I mean, this has been dragging on for ages. According to our regular updates from James Masters things are progressing as envisaged, but in the office we think this is business-speak for, ‘We’ve been waiting until we’ve sorted out all the voluntary redundancies and know how many of you we’ve got left.’ Anyway, Brian-the-pessimist went into a huge slump after the merger was announced and declared he was too old for change and that he’d rather bite the bullet now, rather than be shot with it later, and took what he decided was a rather satisfactory redundancy package (he had been working for the newspaper for eons). Pass-agg-Eva stuck it out for a month, then realised that in our caretaker boss she’d met her match and managed to find a job stacking shelves at the village supermarket, and quite a few other people who didn’t fancy moving to Stavington headed off to pastures new (as Brian called them). So I think the HQ holding-fire strategy has worked out quite well for them.
I’m hoping it has also worked out well for me. I have applied for the job of advertising manager, which is a big step up the ladder – but as Frankie pointed out, it is much better to aim high in the area I already have expertise in, rather than be star struck by some of the roles in journalism, which would mean starting at the bottom again. And now, with so many people leaving, I’m sure I’ve made the right decision to hang on. There is hardly any competition!
‘That’s why I called! Now, you will ring me the instant you come out and let me know what you’ll be doing, won’t you?’
‘It doesn’t work like that, Mum. They won’t tell me on the spot.’
‘Oh, I’m sure you’ll get an inkling! It’s so exciting. Now, I better go, lots to do!’ I love the way she always manages to turn things round, and it’s her who is busy and has to dash. ‘Good luck, darling! Your father says good luck as well, he said you need to picture the interviewer dressed as an Easter bunny and it will work wonders!’
‘Dad really said that?’
‘With ears! Well, not exactly, he said picture them in their undies, but that seems strange to me. Goodness knows how he ever got a job! I’ll speak to you on Thursday, I’ve got flower arranging tomorrow and I’ll be watching my TV series on Wednesday, so I thought I better call now. Love you!’
I put the phone down feeling strangely happy.
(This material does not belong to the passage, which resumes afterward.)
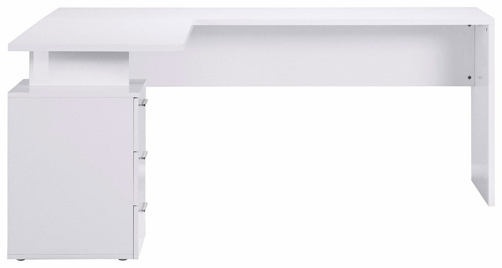- Struttura angolare con piano d’appoggio principale e cassettiera con 3 cassetti scorrevoli

When I was at school, Mum was never exactly a pushy mother, but I always knew she was there for me, a reassuring voice in the background saying she knew I could do it – where ‘it’ was practically anything and everything. After ‘it all went wrong’, I’d felt only the disappointment, the weight of expectations that were never going to be met. But I’m beginning to wonder if it was all in my head. I’d been disappointed in myself, hadn’t thought I could do anything right, and I think maybe I only let myself hear the bits I wanted to, the ‘could do better’s the ‘not good enough’s (which she never actually said in so many words) and blanked out the tentative encouragement, the support she’d always offered me.
Mum has always had my back, never stopped the hugs even when I had my fingers in my ears and was refusing to listen to her. I mean, yeah, she is always going to be in competition with Vera, but she never actually stopped singing my praises, did she? Even when it was a struggle to find anything – full marks to her for turning my dog-fostering into a Nobel Prize-worthy venture and my small ads into a work of literature.
I do love her. It’s just a shame she’s always going to be disappointed on the man and baby front!
Oh bugger, I have forgotten what I was going to put on my list. What on earth does ‘wash s’ mean? Socks? Shirt? I’m sure it will come to me, after all it must be important, or I wouldn’t have been adding it to my list.
As my brain is so overloaded it is refusing to co-operate, I put my summer sunshine playlist on and empty the entire contents of my side of the fridge – a mini bottle of cava that I have been saving for a special occasion. Surely this counts as such an occasion? I am about to have an interview that will hopefully change my life!